**Data for review**.
=== Begin Enclosure ===

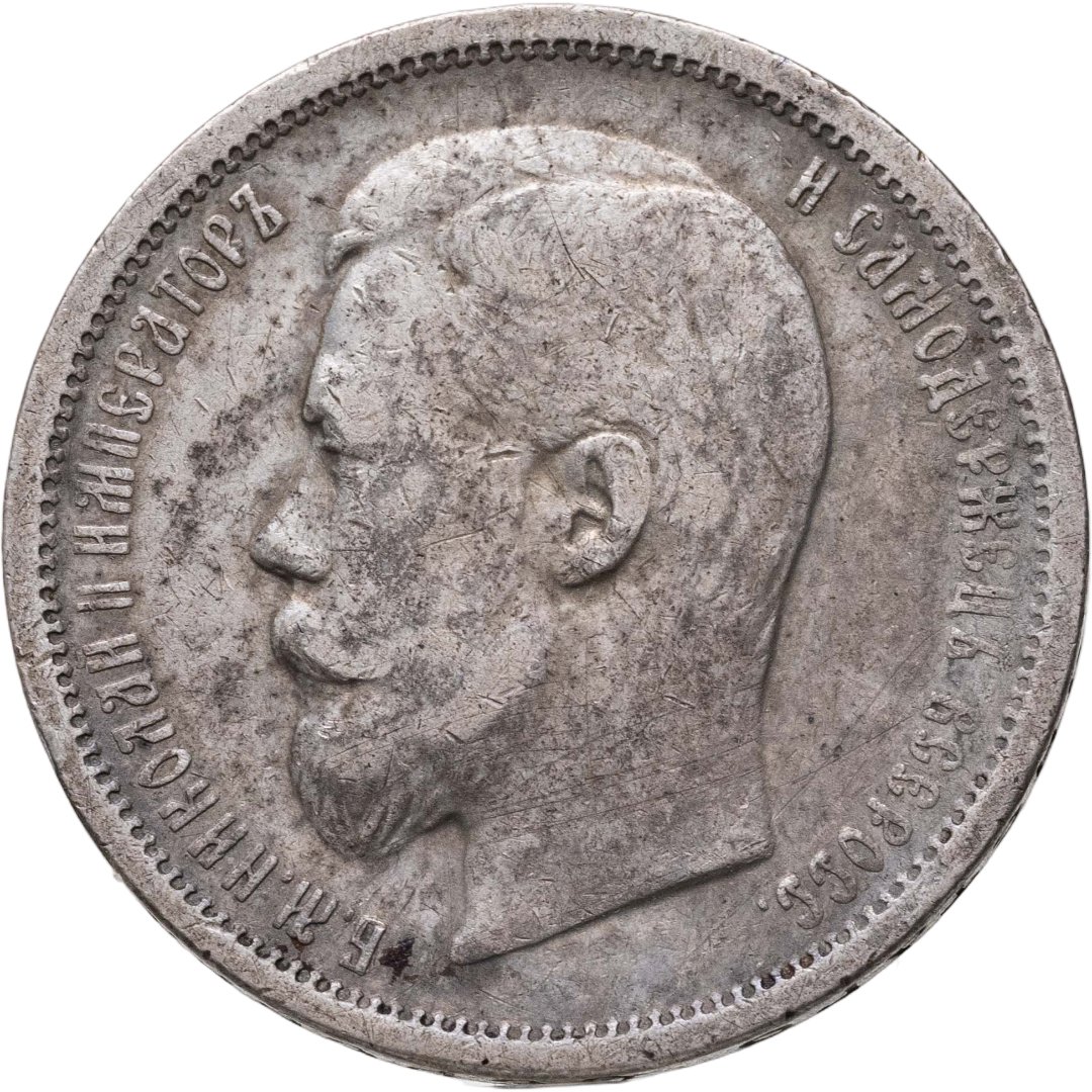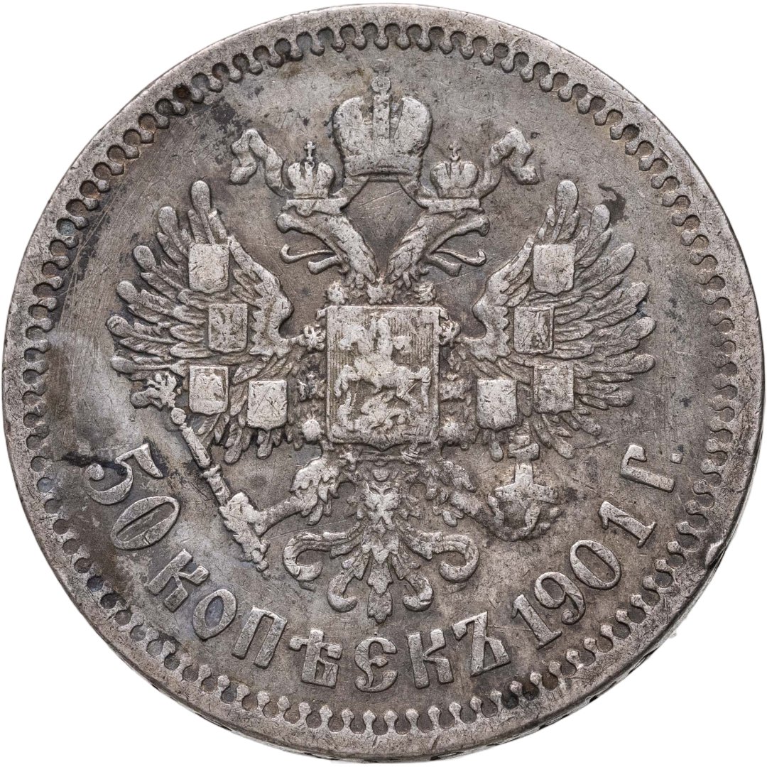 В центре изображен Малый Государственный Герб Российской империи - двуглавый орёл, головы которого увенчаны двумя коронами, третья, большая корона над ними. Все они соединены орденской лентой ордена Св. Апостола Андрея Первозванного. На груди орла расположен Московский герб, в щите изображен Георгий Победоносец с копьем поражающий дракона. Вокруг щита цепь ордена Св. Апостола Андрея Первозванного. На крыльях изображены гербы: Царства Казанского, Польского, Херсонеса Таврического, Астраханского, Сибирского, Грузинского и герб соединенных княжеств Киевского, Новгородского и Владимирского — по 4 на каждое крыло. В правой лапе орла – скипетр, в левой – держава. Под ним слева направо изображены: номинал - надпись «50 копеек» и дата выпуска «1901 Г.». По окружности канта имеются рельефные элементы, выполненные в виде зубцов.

=== End Enclosure ===
=== Begin Enclosure ===

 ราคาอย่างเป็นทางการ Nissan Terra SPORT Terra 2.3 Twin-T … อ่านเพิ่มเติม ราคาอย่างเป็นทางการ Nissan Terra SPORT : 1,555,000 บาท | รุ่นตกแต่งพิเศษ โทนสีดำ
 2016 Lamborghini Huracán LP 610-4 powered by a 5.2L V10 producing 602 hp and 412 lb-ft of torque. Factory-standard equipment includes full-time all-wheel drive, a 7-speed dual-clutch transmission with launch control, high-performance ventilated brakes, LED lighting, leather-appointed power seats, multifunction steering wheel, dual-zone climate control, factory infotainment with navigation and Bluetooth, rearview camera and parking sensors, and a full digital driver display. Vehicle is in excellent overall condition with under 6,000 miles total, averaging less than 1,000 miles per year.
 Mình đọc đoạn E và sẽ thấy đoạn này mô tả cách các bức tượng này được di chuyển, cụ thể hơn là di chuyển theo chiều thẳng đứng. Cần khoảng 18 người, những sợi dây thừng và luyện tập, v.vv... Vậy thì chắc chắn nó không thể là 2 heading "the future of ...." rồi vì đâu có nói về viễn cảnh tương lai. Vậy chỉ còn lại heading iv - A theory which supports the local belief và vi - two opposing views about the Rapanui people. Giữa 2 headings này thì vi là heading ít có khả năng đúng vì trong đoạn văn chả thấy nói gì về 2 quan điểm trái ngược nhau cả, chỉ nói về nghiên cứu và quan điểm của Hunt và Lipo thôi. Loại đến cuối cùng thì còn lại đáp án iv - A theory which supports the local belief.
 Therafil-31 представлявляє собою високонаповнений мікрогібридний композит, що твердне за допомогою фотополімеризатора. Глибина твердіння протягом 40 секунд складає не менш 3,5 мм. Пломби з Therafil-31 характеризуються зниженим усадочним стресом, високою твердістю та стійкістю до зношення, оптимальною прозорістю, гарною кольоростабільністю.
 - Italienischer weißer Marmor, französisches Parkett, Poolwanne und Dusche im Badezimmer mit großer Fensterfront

=== End Enclosure ===

**Task requirements**. In the records above, find the line with "ราคาอย่างเป็นทางการ Nissan Terra SPORT Terra"; write out exactly that line and each one after it, stopping after the line with "- Italienischer weißer".

**Response to the exercise**.
 ราคาอย่างเป็นทางการ Nissan Terra SPORT Terra 2.3 Twin-T … อ่านเพิ่มเติม ราคาอย่างเป็นทางการ Nissan Terra SPORT : 1,555,000 บาท | รุ่นตกแต่งพิเศษ โทนสีดำ
 2016 Lamborghini Huracán LP 610-4 powered by a 5.2L V10 producing 602 hp and 412 lb-ft of torque. Factory-standard equipment includes full-time all-wheel drive, a 7-speed dual-clutch transmission with launch control, high-performance ventilated brakes, LED lighting, leather-appointed power seats, multifunction steering wheel, dual-zone climate control, factory infotainment with navigation and Bluetooth, rearview camera and parking sensors, and a full digital driver display. Vehicle is in excellent overall condition with under 6,000 miles total, averaging less than 1,000 miles per year.
 Mình đọc đoạn E và sẽ thấy đoạn này mô tả cách các bức tượng này được di chuyển, cụ thể hơn là di chuyển theo chiều thẳng đứng. Cần khoảng 18 người, những sợi dây thừng và luyện tập, v.vv... Vậy thì chắc chắn nó không thể là 2 heading "the future of ...." rồi vì đâu có nói về viễn cảnh tương lai. Vậy chỉ còn lại heading iv - A theory which supports the local belief và vi - two opposing views about the Rapanui people. Giữa 2 headings này thì vi là heading ít có khả năng đúng vì trong đoạn văn chả thấy nói gì về 2 quan điểm trái ngược nhau cả, chỉ nói về nghiên cứu và quan điểm của Hunt và Lipo thôi. Loại đến cuối cùng thì còn lại đáp án iv - A theory which supports the local belief.
 Therafil-31 представлявляє собою високонаповнений мікрогібридний композит, що твердне за допомогою фотополімеризатора. Глибина твердіння протягом 40 секунд складає не менш 3,5 мм. Пломби з Therafil-31 характеризуються зниженим усадочним стресом, високою твердістю та стійкістю до зношення, оптимальною прозорістю, гарною кольоростабільністю.
 - Italienischer weißer Marmor, französisches Parkett, Poolwanne und Dusche im Badezimmer mit großer Fensterfront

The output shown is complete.